The FAST45 research project is considering the past, present, possible and preferable futures for higher arts education and the employment of artists. The workshop is intrinsically entangled within the histories, current articulations and future envisioning of these issues. This online lecture will explore the various applications of the workshop as it has mutated across the pandemic context to address analogue, digital and hybridised learning delivery; specifically in the case of teaching Art as Process: Ways of Learning, Making, Working Together at the University of Edinburgh. The FAST45 Learning Platform Public Lecture Series is produced by TU Dublin. This lecture & open Q&A session will be moderated by Glenn Loughran (PhD).

Guest speaker: Dr Jake Watts

Dr Jake Watts is an Artist and Teaching Fellow in Visual Culture at The University of Edinburgh. Jake runs the Art as Process: Ways of Learning, Making, Working Together and Approaches to Visual Culture courses in Edinburgh College of Art, he also teaches into ECA’s Contemporary Art Theory and Practices Masters Programmes contributing to the Contemporary Art & Open Learning and Future Business of Art courses.

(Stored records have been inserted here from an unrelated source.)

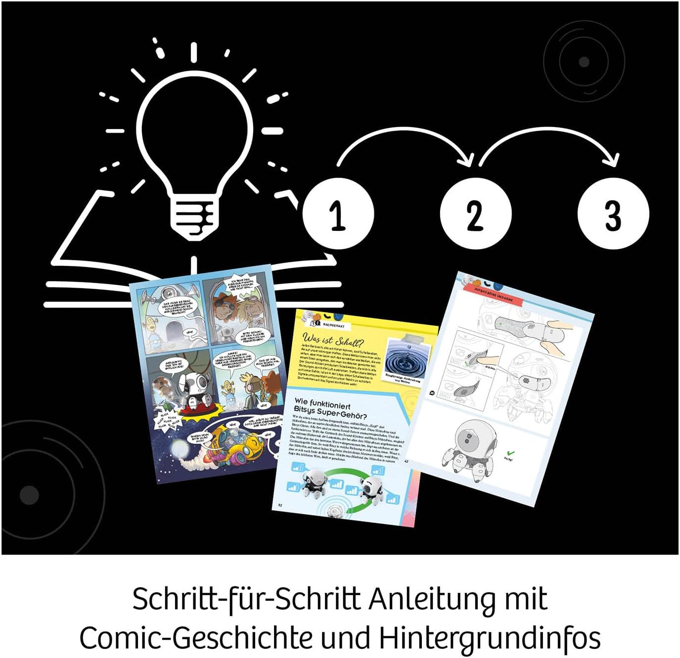 • Der Roboter besteht aus über 100 Teilen, die die Kinder selbst zusammensetzen. Dabei hilft die Anleitung, die mit vielen Aufbaubildern zeigt, wie es sicher klappt!
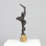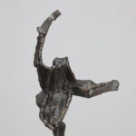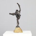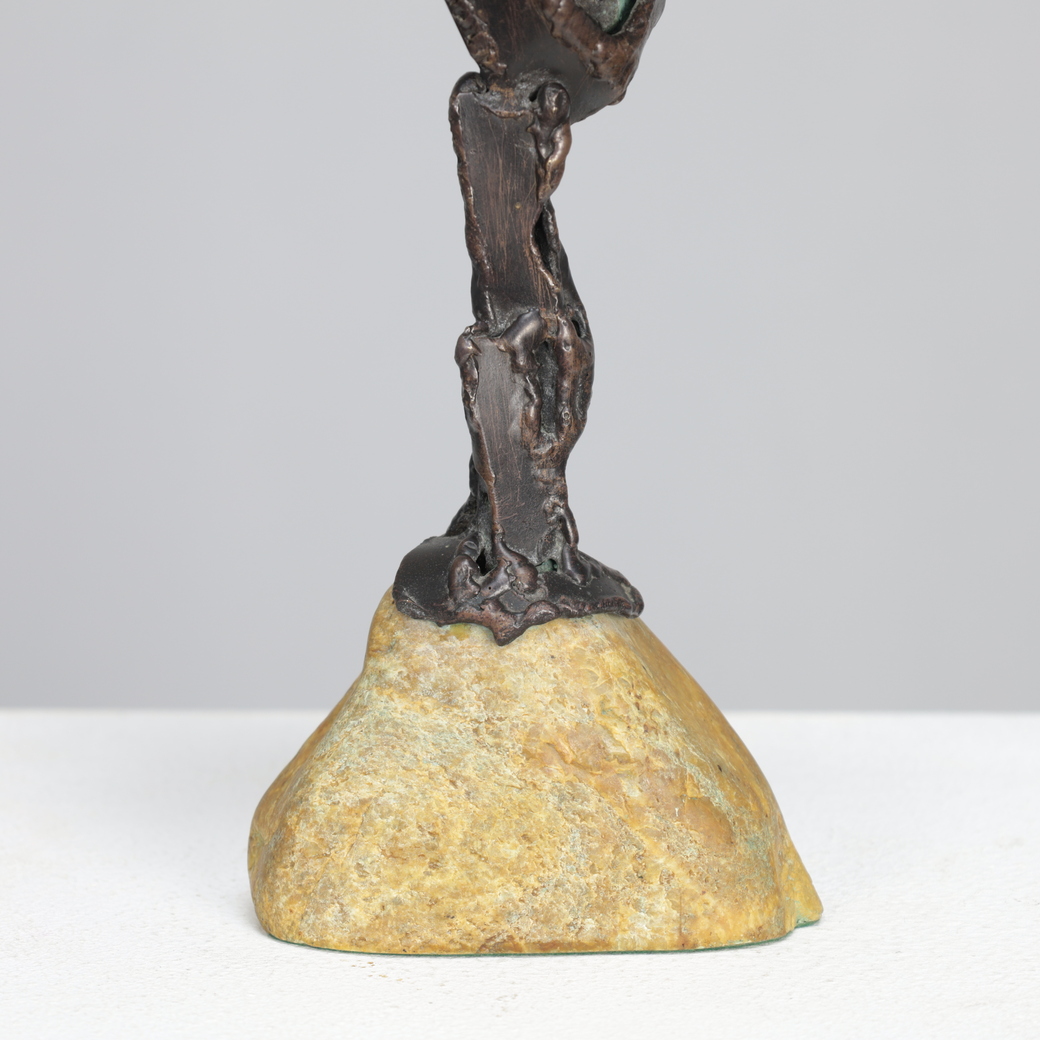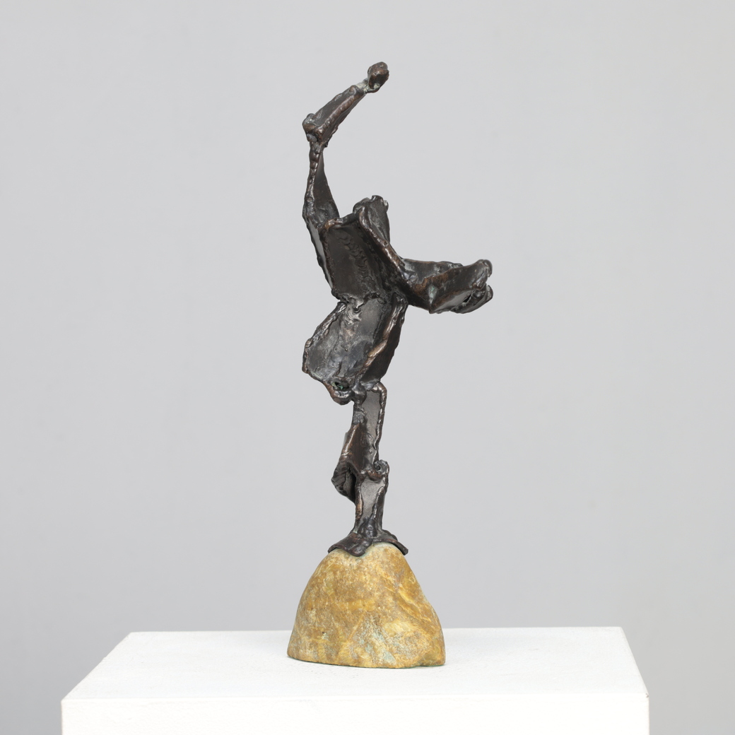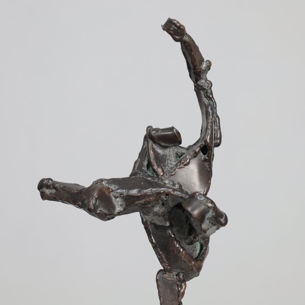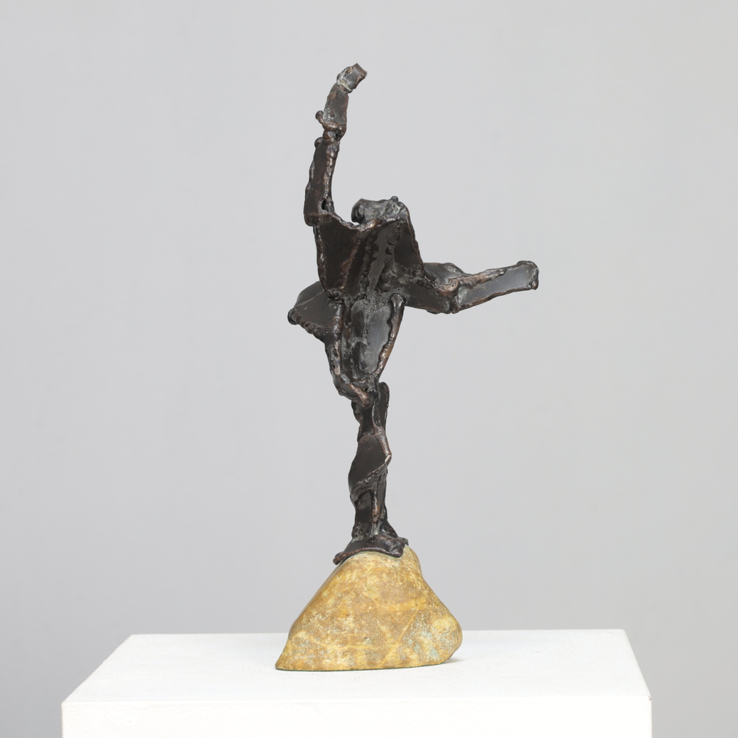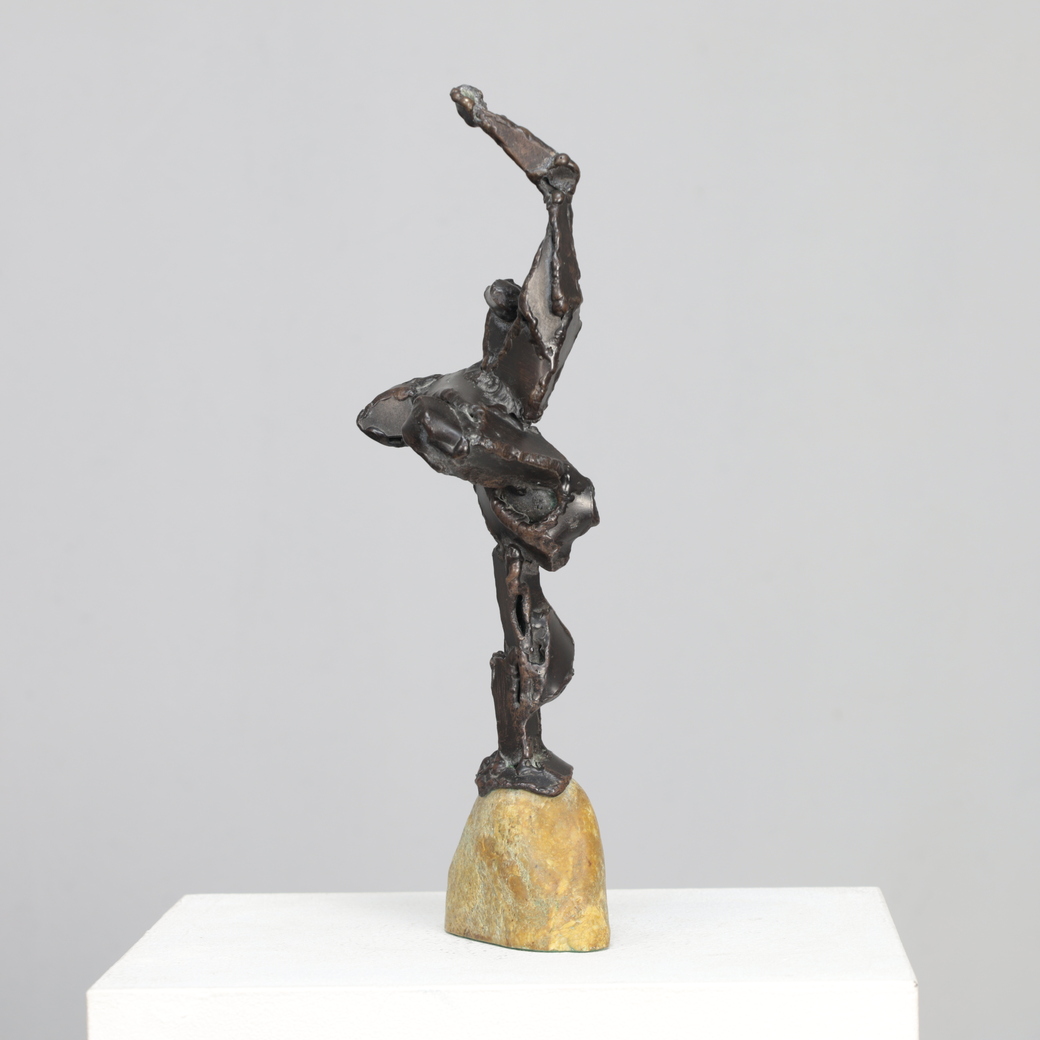 An expressive bronze sculpture by Dutch artist Hugo Hol, created in the 1970s. The figure rises dynamically from a natural stone base, its angular form and welded texture evoking both strength and motion. The piece captures a sense of upward momentum — a gesture frozen in mid-balance, full of tension and vitality.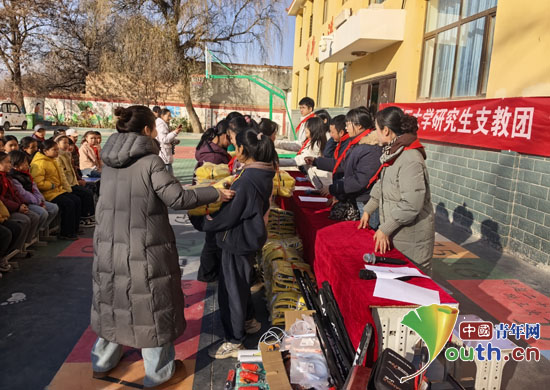 大连理工大学研支团青海服务队成员为青海省化隆回族自治县甘都镇东三完小的孩子们发放物资。大连理工大学研支团青海服务队供图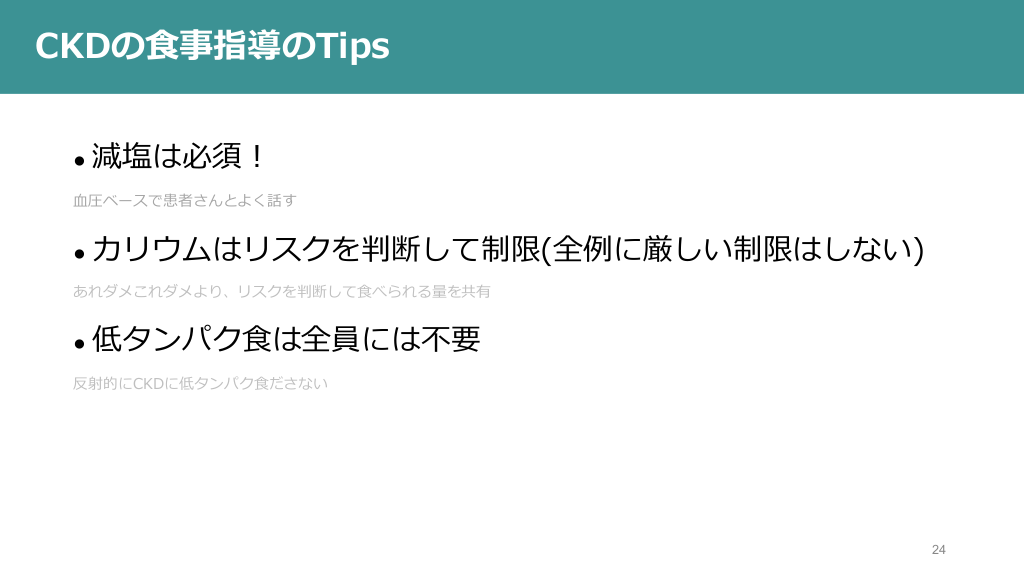 #24. CKDの⾷事指導のTips ● 減塩は必須︕ ⾎圧ベースで患者さんとよく話す ● カリウムはリスクを判断して制限(全例に厳しい制限はしない) あれダメこれダメより、リスクを判断して⾷べられる量を共有 ● 低タンパク⾷は全員には不要 反射的にCKDに低タンパク⾷ださない 24

His PhD research was a practice-led investigation of the workshop in arts education focusing on investigating and developing participatory learning environments for visual arts learning. In Edinburgh, Jake also works with Neil Mulholland, Dan Brown and Naomi Garriock as Shift/Work, a group of artists who develop workshop models for artistic paragogy, participatory visual methods and open educational resources.

 

The FAST45 Learning Platform Public Lecture Series is brought to you by Technological University Dublin. Visit www.FAST45.eu for more information.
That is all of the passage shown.